Poll Finds 87% of US Adults Think Children Need More Mental Health Support
In a poll of 2,014 adults in the US, 87% believed that children need more mental health support. For over a decade, the editors of the BNN have been emphasizing the great need for earlier recognition and treatment of children with bipolar and related mood and behavioral disorders. With so many Americans in agreement, now could be the time to direct public health and research funds to the better support of children’s mental health. Sadly this does not yet seem to be the case, but this is an election year. We need stand-up leaders in Congress to marshal the resources to increase the well-being of current and future generations.
Vortioxetine Improves Processing Speed in Depression
In May 2018, the US Food and Drug Administration (FDA) approved a label change for the antidepressant vortioxetine (Trintellix), reflecting new data that show the drug can improve processing speed, an aspect of cognitive function that is often impaired in people with depression. Vortioxetine was first approved by the FDA for the treatment of depression in 2013.
The approval followed eight-week double-blind placebo-controlled studies of vortioxetine’s effects on cognitive function in adults aged 18–65 who have depression. The studies were known as FOCUS and CONNECT. Patients received either 10mg/day, 20mg/day, or placebo. Those who took vortioxetine showed improvement on the Digit Symbol Substitution Test, a measure of processing speed, in addition to improvement in their depression.
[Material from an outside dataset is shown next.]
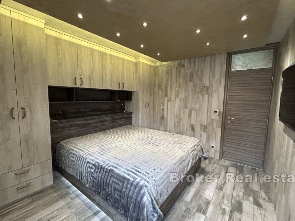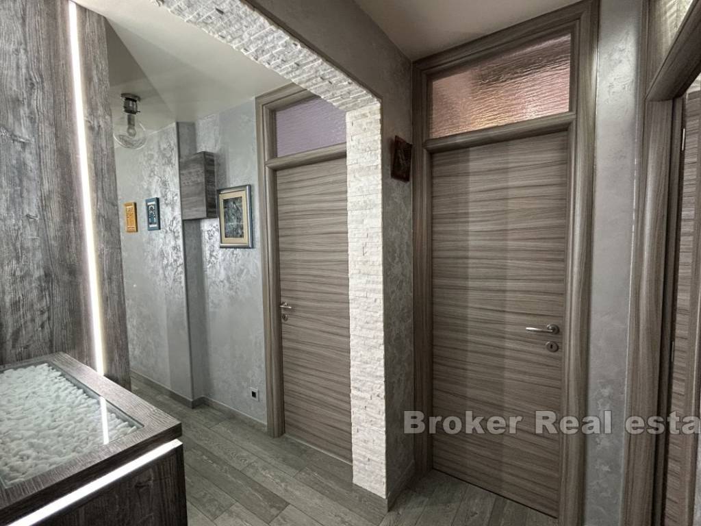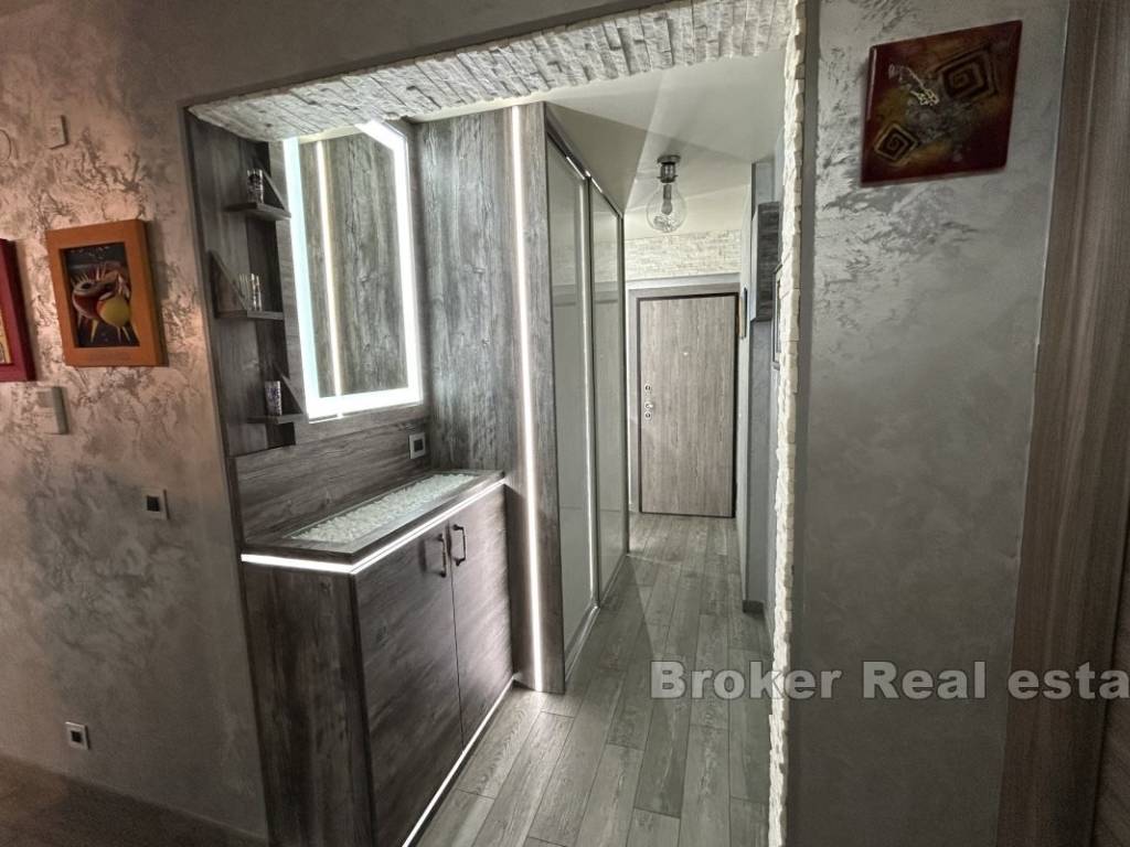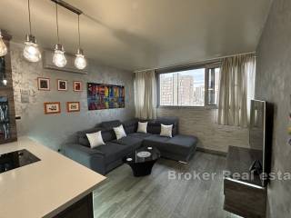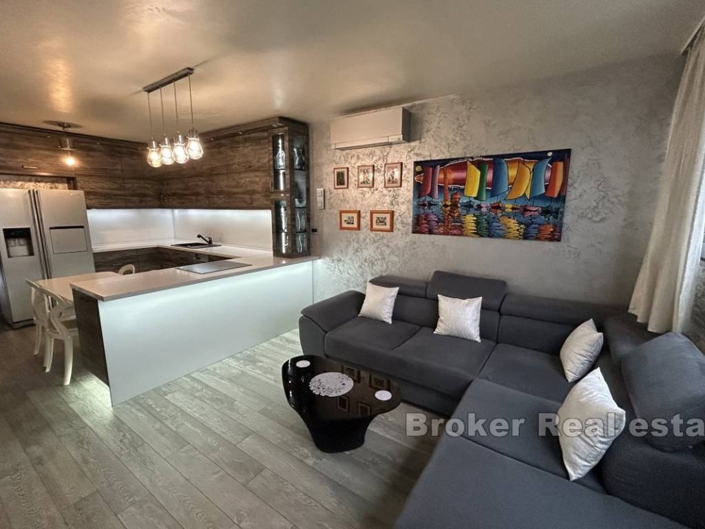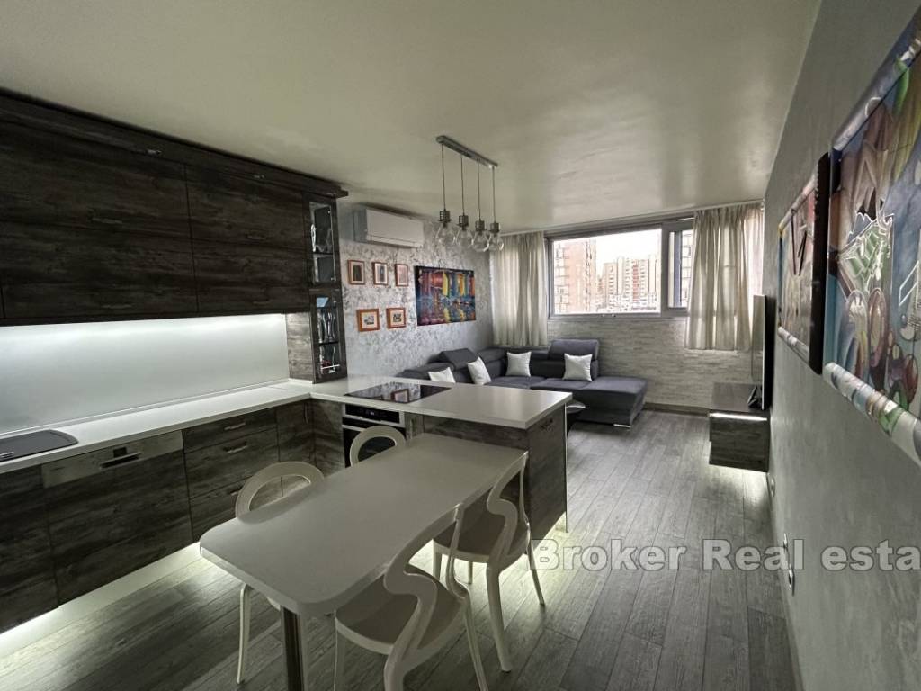 The apartment has an area of 66 m2, oriented south-north, and consists of 2 rooms, one with a double bed, while the other is left to the buyers choice as to what purpose he will give it, either as a bedroom or a study. The apartment consists of a kitchen with a dining room and a spacious living room in a unique space. The owners decorated the apartment by carefully choosing the furniture and numerous details in the space, paying special attention to the lighting. The apartment is for sale fully furnished and equipped.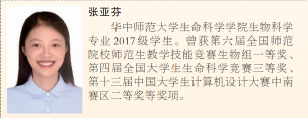 张亚芬同学是华中师范大学生命科学学院2017级生物科学专业的一名本科生,其学年度平均学分绩90分以上,综合素质位居专业第一,同时疫情期间积极投身于线上助学。曾获得华中师范大学校级最高荣誉——2020年“校长奖”,获国家奖学金、国家励志奖学金、逸华励志奖学金。在“田家炳杯”第六届全国师范院校师范生教学技能竞赛中荣获生物组一等奖;带领团队获第四届全国大学生生命科学竞赛三等奖,获第十三届中国大学生计算机设计大赛中南赛区二等奖。连续三年获“校三好学生”,以推免成绩专业第一保送至武汉大学生命科学学院院长宋保亮教授门下攻读生物化学与分子生物学专业硕士。对标三级师范认证高标准,她不断锤炼教学技能,炼就科研本领,勇担青年责任,立志做华师培养的卓越教师,为党育人为国育才奋斗终生。

Editor’s Note: This is the first time the FDA has approved labeling that describes an antidepressant as improving aspects of cognition in depression. Cognition is impaired in many patients with depression, such that this component of the drug’s effects could be of clinical importance. Among the 5 serotonin (5HT) receptor effects of the drug (in addition to the traditional blockade of serotonin reuptake shared by all selective serotonin reuptake inhibitor antidepressants (SSRIs)), it is likely that vortioxetine’s effects in blocking 5HT-3 and 5HT-7 receptors are important to the drug’s effects on processing speed.